### INSTRUCTIONS FOR THE TASK
Send back the entries exactly as they were given.

[LISTED RECORDS]

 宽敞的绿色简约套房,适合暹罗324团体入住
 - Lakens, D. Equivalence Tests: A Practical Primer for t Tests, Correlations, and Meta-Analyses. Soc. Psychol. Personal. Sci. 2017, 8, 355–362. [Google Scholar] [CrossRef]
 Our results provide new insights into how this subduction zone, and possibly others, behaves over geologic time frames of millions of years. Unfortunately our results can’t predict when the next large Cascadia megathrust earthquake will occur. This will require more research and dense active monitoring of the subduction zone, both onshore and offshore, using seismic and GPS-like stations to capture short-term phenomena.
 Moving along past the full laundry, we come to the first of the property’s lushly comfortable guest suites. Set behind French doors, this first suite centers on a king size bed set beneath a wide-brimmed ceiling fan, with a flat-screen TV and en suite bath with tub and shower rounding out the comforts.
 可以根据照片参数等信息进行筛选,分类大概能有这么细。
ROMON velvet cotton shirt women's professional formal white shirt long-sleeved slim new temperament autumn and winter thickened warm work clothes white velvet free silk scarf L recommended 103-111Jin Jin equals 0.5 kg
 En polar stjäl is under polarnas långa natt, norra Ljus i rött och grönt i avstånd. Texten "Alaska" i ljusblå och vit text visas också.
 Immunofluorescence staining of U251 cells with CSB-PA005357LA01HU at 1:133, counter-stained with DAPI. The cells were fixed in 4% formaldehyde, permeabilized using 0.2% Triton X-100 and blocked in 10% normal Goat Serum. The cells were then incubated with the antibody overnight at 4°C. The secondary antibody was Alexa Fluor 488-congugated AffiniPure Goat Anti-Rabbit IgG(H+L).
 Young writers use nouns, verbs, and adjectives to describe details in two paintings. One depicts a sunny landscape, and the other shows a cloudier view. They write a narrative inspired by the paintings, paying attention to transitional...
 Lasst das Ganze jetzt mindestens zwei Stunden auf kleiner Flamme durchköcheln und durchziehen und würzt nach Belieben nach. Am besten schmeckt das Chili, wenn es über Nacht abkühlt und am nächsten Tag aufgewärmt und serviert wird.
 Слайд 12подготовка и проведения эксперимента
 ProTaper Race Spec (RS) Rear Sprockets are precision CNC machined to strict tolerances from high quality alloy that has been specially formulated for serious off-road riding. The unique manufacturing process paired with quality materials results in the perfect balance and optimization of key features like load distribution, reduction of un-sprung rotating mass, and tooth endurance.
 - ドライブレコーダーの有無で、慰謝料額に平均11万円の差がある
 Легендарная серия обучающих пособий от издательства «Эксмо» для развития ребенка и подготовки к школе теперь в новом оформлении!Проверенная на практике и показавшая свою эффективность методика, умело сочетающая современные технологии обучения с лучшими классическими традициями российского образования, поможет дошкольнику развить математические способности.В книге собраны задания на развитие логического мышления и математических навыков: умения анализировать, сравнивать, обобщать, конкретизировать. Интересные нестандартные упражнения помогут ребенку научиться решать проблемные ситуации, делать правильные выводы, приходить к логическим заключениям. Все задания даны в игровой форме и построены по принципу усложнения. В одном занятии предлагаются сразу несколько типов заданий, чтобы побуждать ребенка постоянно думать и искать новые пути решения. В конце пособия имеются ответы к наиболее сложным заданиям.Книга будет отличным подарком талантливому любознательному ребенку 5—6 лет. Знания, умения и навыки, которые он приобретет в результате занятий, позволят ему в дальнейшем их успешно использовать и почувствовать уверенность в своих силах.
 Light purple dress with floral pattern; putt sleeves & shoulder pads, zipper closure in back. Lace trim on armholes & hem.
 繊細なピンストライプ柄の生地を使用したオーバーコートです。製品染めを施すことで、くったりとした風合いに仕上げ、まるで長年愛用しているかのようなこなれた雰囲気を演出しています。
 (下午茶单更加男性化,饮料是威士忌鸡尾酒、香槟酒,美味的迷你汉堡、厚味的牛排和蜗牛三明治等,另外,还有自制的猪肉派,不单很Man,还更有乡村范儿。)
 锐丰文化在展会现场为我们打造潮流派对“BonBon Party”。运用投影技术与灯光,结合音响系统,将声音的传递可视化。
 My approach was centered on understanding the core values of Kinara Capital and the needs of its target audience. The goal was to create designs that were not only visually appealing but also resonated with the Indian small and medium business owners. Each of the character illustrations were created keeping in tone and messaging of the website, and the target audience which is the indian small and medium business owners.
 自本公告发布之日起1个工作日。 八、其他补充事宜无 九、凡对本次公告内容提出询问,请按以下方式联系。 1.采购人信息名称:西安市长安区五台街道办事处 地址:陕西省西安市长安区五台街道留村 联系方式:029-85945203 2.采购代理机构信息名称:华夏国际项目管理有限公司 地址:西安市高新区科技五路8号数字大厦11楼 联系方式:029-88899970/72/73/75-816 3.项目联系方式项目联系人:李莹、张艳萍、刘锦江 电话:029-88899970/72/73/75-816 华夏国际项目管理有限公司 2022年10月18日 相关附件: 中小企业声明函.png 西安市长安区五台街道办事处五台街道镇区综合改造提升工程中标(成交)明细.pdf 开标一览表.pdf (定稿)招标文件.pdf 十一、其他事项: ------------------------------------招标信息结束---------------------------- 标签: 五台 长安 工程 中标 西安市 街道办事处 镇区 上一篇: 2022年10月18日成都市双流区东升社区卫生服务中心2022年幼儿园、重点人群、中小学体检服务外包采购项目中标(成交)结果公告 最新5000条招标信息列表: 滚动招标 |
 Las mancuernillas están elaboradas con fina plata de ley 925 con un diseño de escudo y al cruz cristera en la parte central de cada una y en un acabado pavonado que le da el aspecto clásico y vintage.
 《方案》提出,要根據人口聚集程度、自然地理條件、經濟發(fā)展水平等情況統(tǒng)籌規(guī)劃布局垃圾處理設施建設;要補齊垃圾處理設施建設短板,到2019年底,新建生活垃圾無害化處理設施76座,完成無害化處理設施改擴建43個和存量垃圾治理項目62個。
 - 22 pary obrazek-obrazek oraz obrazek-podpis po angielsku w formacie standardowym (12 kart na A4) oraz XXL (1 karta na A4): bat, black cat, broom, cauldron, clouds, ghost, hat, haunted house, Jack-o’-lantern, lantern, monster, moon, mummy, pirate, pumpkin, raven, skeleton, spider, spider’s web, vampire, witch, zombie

[/LISTED RECORDS]

### ANSWER TO THIS PROBLEM
 宽敞的绿色简约套房,适合暹罗324团体入住
 - Lakens, D. Equivalence Tests: A Practical Primer for t Tests, Correlations, and Meta-Analyses. Soc. Psychol. Personal. Sci. 2017, 8, 355–362. [Google Scholar] [CrossRef]
 Our results provide new insights into how this subduction zone, and possibly others, behaves over geologic time frames of millions of years. Unfortunately our results can’t predict when the next large Cascadia megathrust earthquake will occur. This will require more research and dense active monitoring of the subduction zone, both onshore and offshore, using seismic and GPS-like stations to capture short-term phenomena.
 Moving along past the full laundry, we come to the first of the property’s lushly comfortable guest suites. Set behind French doors, this first suite centers on a king size bed set beneath a wide-brimmed ceiling fan, with a flat-screen TV and en suite bath with tub and shower rounding out the comforts.
 可以根据照片参数等信息进行筛选,分类大概能有这么细。
ROMON velvet cotton shirt women's professional formal white shirt long-sleeved slim new temperament autumn and winter thickened warm work clothes white velvet free silk scarf L recommended 103-111Jin Jin equals 0.5 kg
 En polar stjäl is under polarnas långa natt, norra Ljus i rött och grönt i avstånd. Texten "Alaska" i ljusblå och vit text visas också.
 Immunofluorescence staining of U251 cells with CSB-PA005357LA01HU at 1:133, counter-stained with DAPI. The cells were fixed in 4% formaldehyde, permeabilized using 0.2% Triton X-100 and blocked in 10% normal Goat Serum. The cells were then incubated with the antibody overnight at 4°C. The secondary antibody was Alexa Fluor 488-congugated AffiniPure Goat Anti-Rabbit IgG(H+L).
 Young writers use nouns, verbs, and adjectives to describe details in two paintings. One depicts a sunny landscape, and the other shows a cloudier view. They write a narrative inspired by the paintings, paying attention to transitional...
 Lasst das Ganze jetzt mindestens zwei Stunden auf kleiner Flamme durchköcheln und durchziehen und würzt nach Belieben nach. Am besten schmeckt das Chili, wenn es über Nacht abkühlt und am nächsten Tag aufgewärmt und serviert wird.
 Слайд 12подготовка и проведения эксперимента
 ProTaper Race Spec (RS) Rear Sprockets are precision CNC machined to strict tolerances from high quality alloy that has been specially formulated for serious off-road riding. The unique manufacturing process paired with quality materials results in the perfect balance and optimization of key features like load distribution, reduction of un-sprung rotating mass, and tooth endurance.
 - ドライブレコーダーの有無で、慰謝料額に平均11万円の差がある
 Легендарная серия обучающих пособий от издательства «Эксмо» для развития ребенка и подготовки к школе теперь в новом оформлении!Проверенная на практике и показавшая свою эффективность методика, умело сочетающая современные технологии обучения с лучшими классическими традициями российского образования, поможет дошкольнику развить математические способности.В книге собраны задания на развитие логического мышления и математических навыков: умения анализировать, сравнивать, обобщать, конкретизировать. Интересные нестандартные упражнения помогут ребенку научиться решать проблемные ситуации, делать правильные выводы, приходить к логическим заключениям. Все задания даны в игровой форме и построены по принципу усложнения. В одном занятии предлагаются сразу несколько типов заданий, чтобы побуждать ребенка постоянно думать и искать новые пути решения. В конце пособия имеются ответы к наиболее сложным заданиям.Книга будет отличным подарком талантливому любознательному ребенку 5—6 лет. Знания, умения и навыки, которые он приобретет в результате занятий, позволят ему в дальнейшем их успешно использовать и почувствовать уверенность в своих силах.
 Light purple dress with floral pattern; putt sleeves & shoulder pads, zipper closure in back. Lace trim on armholes & hem.
 繊細なピンストライプ柄の生地を使用したオーバーコートです。製品染めを施すことで、くったりとした風合いに仕上げ、まるで長年愛用しているかのようなこなれた雰囲気を演出しています。
 (下午茶单更加男性化,饮料是威士忌鸡尾酒、香槟酒,美味的迷你汉堡、厚味的牛排和蜗牛三明治等,另外,还有自制的猪肉派,不单很Man,还更有乡村范儿。)
 锐丰文化在展会现场为我们打造潮流派对“BonBon Party”。运用投影技术与灯光,结合音响系统,将声音的传递可视化。
 My approach was centered on understanding the core values of Kinara Capital and the needs of its target audience. The goal was to create designs that were not only visually appealing but also resonated with the Indian small and medium business owners. Each of the character illustrations were created keeping in tone and messaging of the website, and the target audience which is the indian small and medium business owners.
 自本公告发布之日起1个工作日。 八、其他补充事宜无 九、凡对本次公告内容提出询问,请按以下方式联系。 1.采购人信息名称:西安市长安区五台街道办事处 地址:陕西省西安市长安区五台街道留村 联系方式:029-85945203 2.采购代理机构信息名称:华夏国际项目管理有限公司 地址:西安市高新区科技五路8号数字大厦11楼 联系方式:029-88899970/72/73/75-816 3.项目联系方式项目联系人:李莹、张艳萍、刘锦江 电话:029-88899970/72/73/75-816 华夏国际项目管理有限公司 2022年10月18日 相关附件: 中小企业声明函.png 西安市长安区五台街道办事处五台街道镇区综合改造提升工程中标(成交)明细.pdf 开标一览表.pdf (定稿)招标文件.pdf 十一、其他事项: ------------------------------------招标信息结束---------------------------- 标签: 五台 长安 工程 中标 西安市 街道办事处 镇区 上一篇: 2022年10月18日成都市双流区东升社区卫生服务中心2022年幼儿园、重点人群、中小学体检服务外包采购项目中标(成交)结果公告 最新5000条招标信息列表: 滚动招标 |
 Las mancuernillas están elaboradas con fina plata de ley 925 con un diseño de escudo y al cruz cristera en la parte central de cada una y en un acabado pavonado que le da el aspecto clásico y vintage.
 《方案》提出,要根據人口聚集程度、自然地理條件、經濟發(fā)展水平等情況統(tǒng)籌規(guī)劃布局垃圾處理設施建設;要補齊垃圾處理設施建設短板,到2019年底,新建生活垃圾無害化處理設施76座,完成無害化處理設施改擴建43個和存量垃圾治理項目62個。
 - 22 pary obrazek-obrazek oraz obrazek-podpis po angielsku w formacie standardowym (12 kart na A4) oraz XXL (1 karta na A4): bat, black cat, broom, cauldron, clouds, ghost, hat, haunted house, Jack-o’-lantern, lantern, monster, moon, mummy, pirate, pumpkin, raven, skeleton, spider, spider’s web, vampire, witch, zombie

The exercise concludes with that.